# Data Wrangling with Spark SQL Quiz

This quiz uses the same dataset and most of the same questions from the earlier "Quiz - Data Wrangling with Data Frames Jupyter Notebook." For this quiz, however, use Spark SQL instead of Spark Data Frames.

In [11]:
from pyspark.sql import SparkSession

# TODOS: 
# 1) import any other libraries you might need
# 2) instantiate a Spark session 
# 3) read in the data set located at the path "data/sparkify_log_small.json"
# 4) create a view to use with your SQL queries
# 5) write code to answer the quiz questions
spark = SparkSession.builder.appName("SQL quiz").getOrCreate()
user_log = spark.read.json("data/sparkify_log_small.json")

In [12]:
user_log.printSchema()

root
 |-- artist: string (nullable = true)
 |-- auth: string (nullable = true)
 |-- firstName: string (nullable = true)
 |-- gender: string (nullable = true)
 |-- itemInSession: long (nullable = true)
 |-- lastName: string (nullable = true)
 |-- length: double (nullable = true)
 |-- level: string (nullable = true)
 |-- location: string (nullable = true)
 |-- method: string (nullable = true)
 |-- page: string (nullable = true)
 |-- registration: long (nullable = true)
 |-- sessionId: long (nullable = true)
 |-- song: string (nullable = true)
 |-- status: long (nullable = true)
 |-- ts: long (nullable = true)
 |-- userAgent: string (nullable = true)
 |-- userId: string (nullable = true)



In [13]:
user_log.createOrReplaceTempView("user_log_table")

# Question 1

Which page did user id ""(empty string) NOT visit?

In [14]:
# TODO: write your code to answer question 1
spark.sql("""
            SELECT Distinct(page)
            FROM user_log_table
            WHERE userId = ""
          """).show()

+-----+
| page|
+-----+
| Home|
|About|
|Login|
| Help|
+-----+



In [15]:
spark.sql("""
            SELECT Distinct(page)
            FROM user_log_table
            WHERE userId != ""
          """).show()

+----------------+
|            page|
+----------------+
|Submit Downgrade|
|            Home|
|       Downgrade|
|          Logout|
|   Save Settings|
|           About|
|        Settings|
|        NextSong|
|            Help|
|         Upgrade|
|           Error|
|  Submit Upgrade|
+----------------+



# Question 2 - Reflect

Why might you prefer to use SQL over data frames?

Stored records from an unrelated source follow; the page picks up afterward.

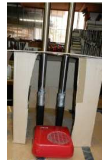
Accelerating Epox-E-Glue Cure time by warming the metal

Proudly Distributed by: DRIVE Marine Services
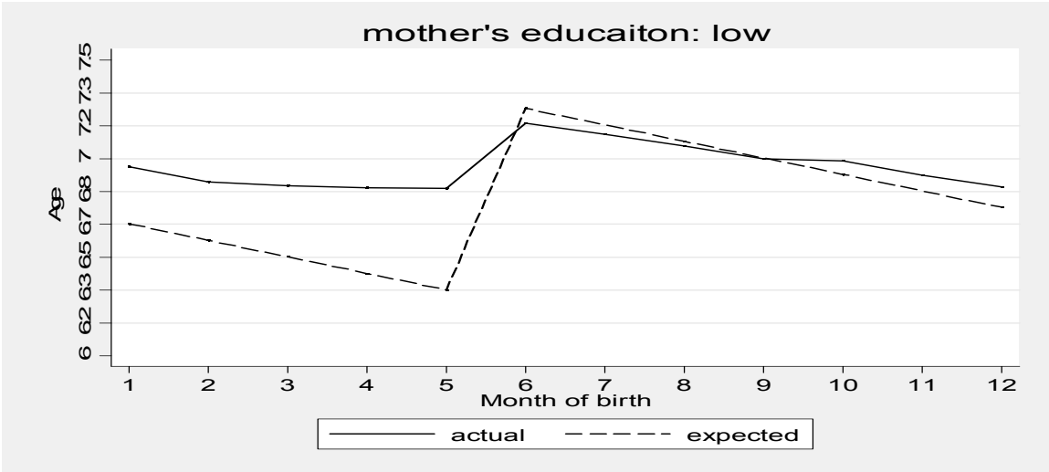
Figure A3 Average actual school starting age versus average expected school starting age, non-disadvantaged children, grade eight
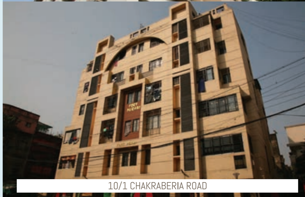
10/1 CHAKRABERIA ROAD
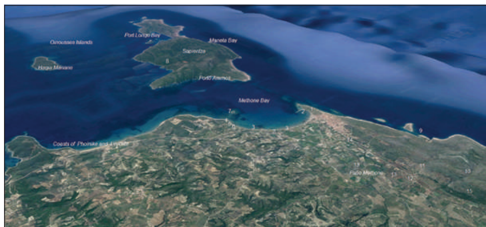
Fig. 3 Satellite image depicting the geomorphology in the area of the Gulf of Methone in the Peloponnese (Greece): 1 Methone. – 2 Harbour. – 3 littoral of the bay (Roman wall, kiln and sherds). – 4 eroding cliff (mosaics, sherds, Byzantine ruins). – 5 Palioi/Ailiades. – 6 Roso Choma/Kokkinia. – 7 Nisakouli/Kouloura. – 8 Sapienza. – 9 Limni Papa (Beacon). – 10 Mount St. Nicholas. – 11 St. Onouphrios. – 12 Agaki (St. Basileios Middle Byzantine church). – 13 Palio Methone. – 14 Early Byzantine basilica. – 15 Lykotomaro. – (Background courtesy of Google Earth).

stone). This cemetery is believed to be a link in the chain of catacombs on that sea route connecting the east to the west, from the island of Melos to Sicily, and it has many features in common with the corresponding cemeteries 7 . In addition, Byzantine churches, tombs, and cisterns lie to the east of Mount St. Nicholas and to the north of Methone, at the sites known as Lykotomaro and Agaki, while remains of settlements can be found all along the coast to the east of the Castle to Kokkinia and Palioi Ailiades 8 (fig. 3). Consequently, Methone, built in a particularly strategic position in the central Mediterranean, on the passage linking the east to the west, took advantage of its position with a port and a castle, an obvious and well-known function that I believe will become clear below when reviewing the evidence provided by the sources. I think that schematically we can speak of four distinct periods in the history of the Byzantine port and naval base of Methone, with similar as well as very different features according to the age:
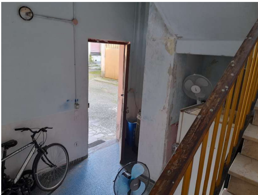
INGRESSO AL FABBRICATO
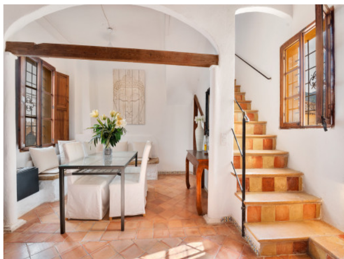
Dining area and staircase
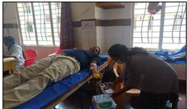
Blood Donation Camp held on 15.11.2025 at Maharishi Vidya Mandir School, Irrungattukottai.
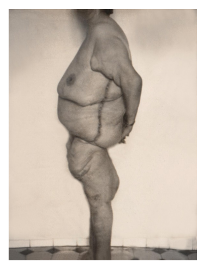
Figure 4. Postoperative of the 1st breast surgery and postoperative with 4 days of longitudinal abdominal surgery.

Why might you prefer data frames over SQL?

# Question 3

How many female users do we have in the data set?

In [23]:
# TODO: write your code to answer question 3
spark.sql("""
            SELECT COUNT(Distinct(userId)) AS num_females 
            FROM user_log_table
            WHERE gender = "F"
          """).show()

+-----------+
|num_females|
+-----------+
|        462|
+-----------+



# Question 4

How many songs were played from the most played artist?

In [27]:
# TODO: write your code to answer question 4
spark.sql("""
            SELECT artist, count(song) AS num_played
            FROM user_log_table
            Group by artist
            ORDER BY num_played DESC
            LIMIT 1
          """).show()

+--------+----------+
|  artist|num_played|
+--------+----------+
|Coldplay|        83|
+--------+----------+



# Question 5 (challenge)

How many songs do users listen to on average between visiting our home page? Please round your answer to the closest integer.

In [42]:
# TODO: write your code to answer question 5
is_home = spark.sql("""
                    SELECT userId, page, ts, CASE
                        WHEN page = 'Home' THEN 1 
                        ELSE 0 
                        END AS is_home
                    FROM user_log_table
                    WHERE page IN ('Home', 'NextSong')
                  """)

# keep the results in a new view
is_home.createOrReplaceTempView('is_home_table')

In [45]:
cumulative_sum = spark.sql("""
                    SELECT *, SUM(is_home) OVER (
                        PARTITION BY userId
                        ORDER BY ts DESC
                        ROWS BETWEEN UNBOUNDED PRECEDING AND CURRENT ROW
                    ) AS period
                    FROM is_home_table
                  """)

# keep the results in a view
cumulative_sum.createOrReplaceTempView("period_table")

In [46]:
spark.sql("""
            SELECT AVG(count_results)
            FROM (
                SELECT COUNT(*) AS count_results
                FROM period_table
                GROUP BY userID, period, page
                HAVING page = 'NextSong'
            ) AS counts
          """).show()

+------------------+
|avg(count_results)|
+------------------+
| 6.898347107438017|
+------------------+